The signature depends on the environmental context and, because of that, more than one signature may be active at the same time with different probabilities. An mutational exposure (or exposure) is a discrete probability distribution among signatures.
In order to simulate passeger mutations of a given type, we need to specify a default exposure for that type. This can be achieved as it follows.
# add SNV and indel default exposures.
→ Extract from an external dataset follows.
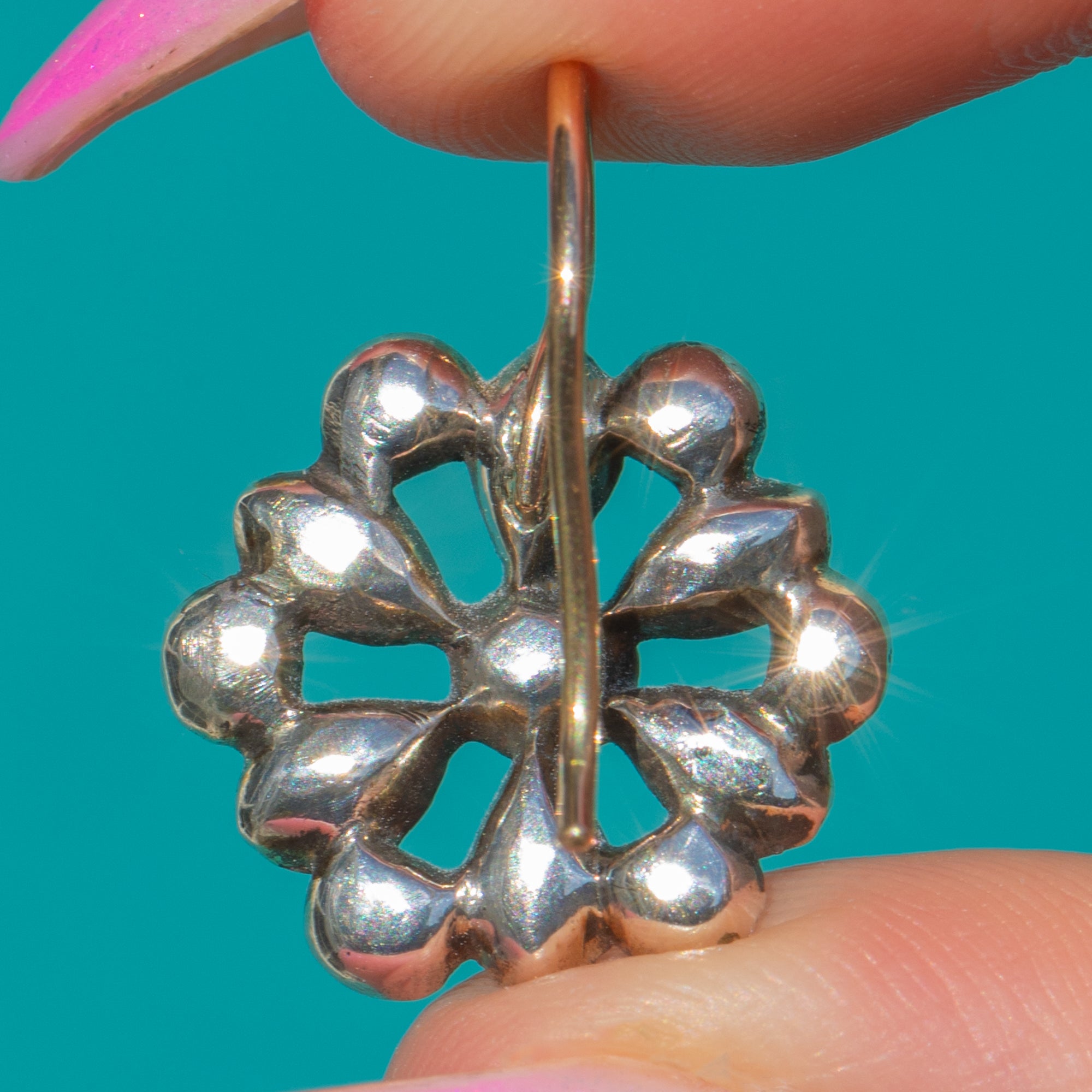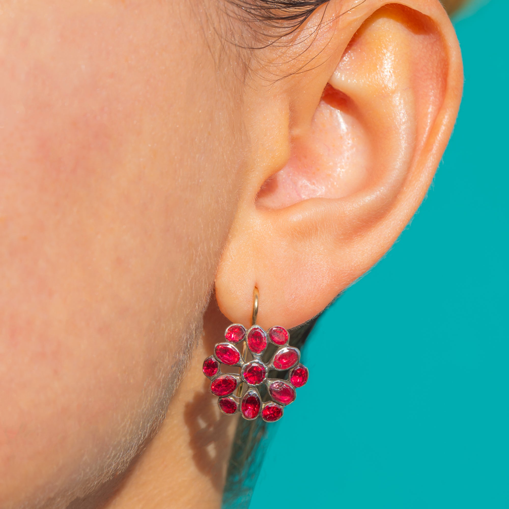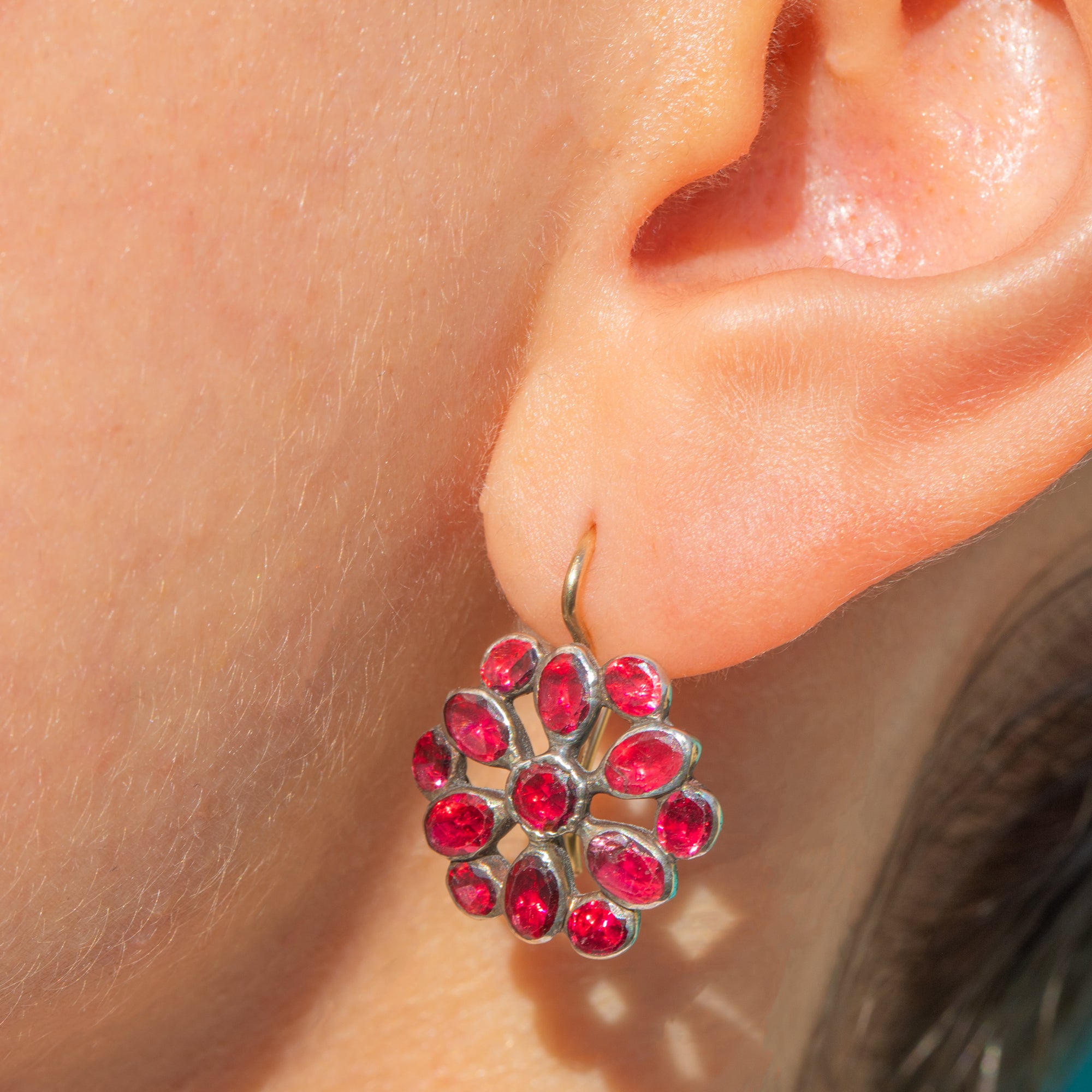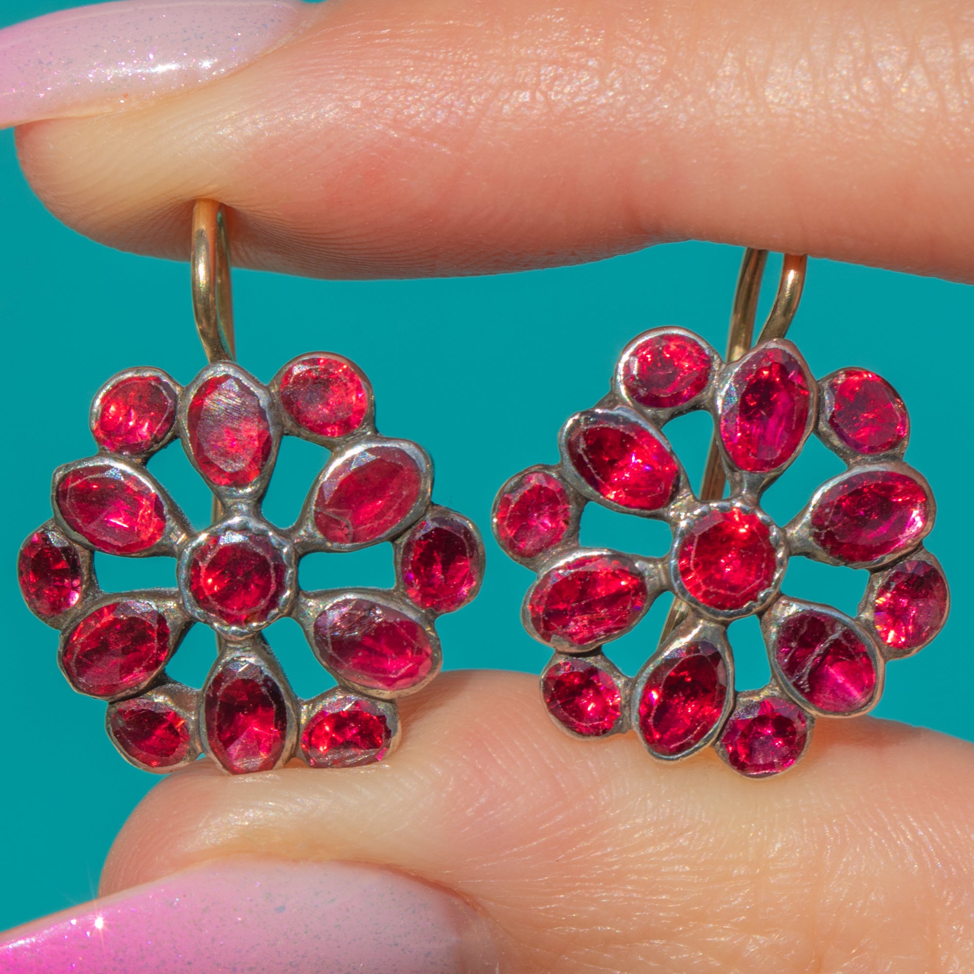 Alive with rich, wine-red glow, these Georgian Garnet cluster earrings bloom in a romantic floral rosette. Each stone is nestled in softly domed Silver collets, the cluster suspended from elegant 18ct Gold hooks for a refined two-tone finish. The result is a timeless drop with beautiful texture, depth and period charm.

This will be used from simulated time 0
# up to the successive exposure change.
m_engine$add_exposure(coefficients = c(SBS13 = 0.2, SBS1 = 0.8))
m_engine$add_exposure(c(ID2 = 0.6, ID13 = 0.2, ID21 = 0.2))
Further exposures can also be defined by specifying an activation time for each of them, i.e., the new exposures will be used from the specified time up to the next exposure change.
# add a new SNV exposure that will be used from simulated
# time 100 up to the successive exposure change.
m_engine$add_exposure(time = 100, c(SBS5 = 0.3, SBS2 = 0.2, SBS3 = 0.5))
m_engine
#> MutationEngine
#> Passenger rates
#> "A+": {SNV: 1e-09, indel: 1e-08}
#> "A-": {SNV: 3e-08, CNA: 1e-11}
#> "B+": {SNV: 8e-08}
#> "B-": {SNV: 5e-08}
#>
#> Driver mutations
#> "A":
#> chr22(10510210)[N>C](allele: 1)
#> chr22(15220157)[GTTTTTTTT>G](allele: random)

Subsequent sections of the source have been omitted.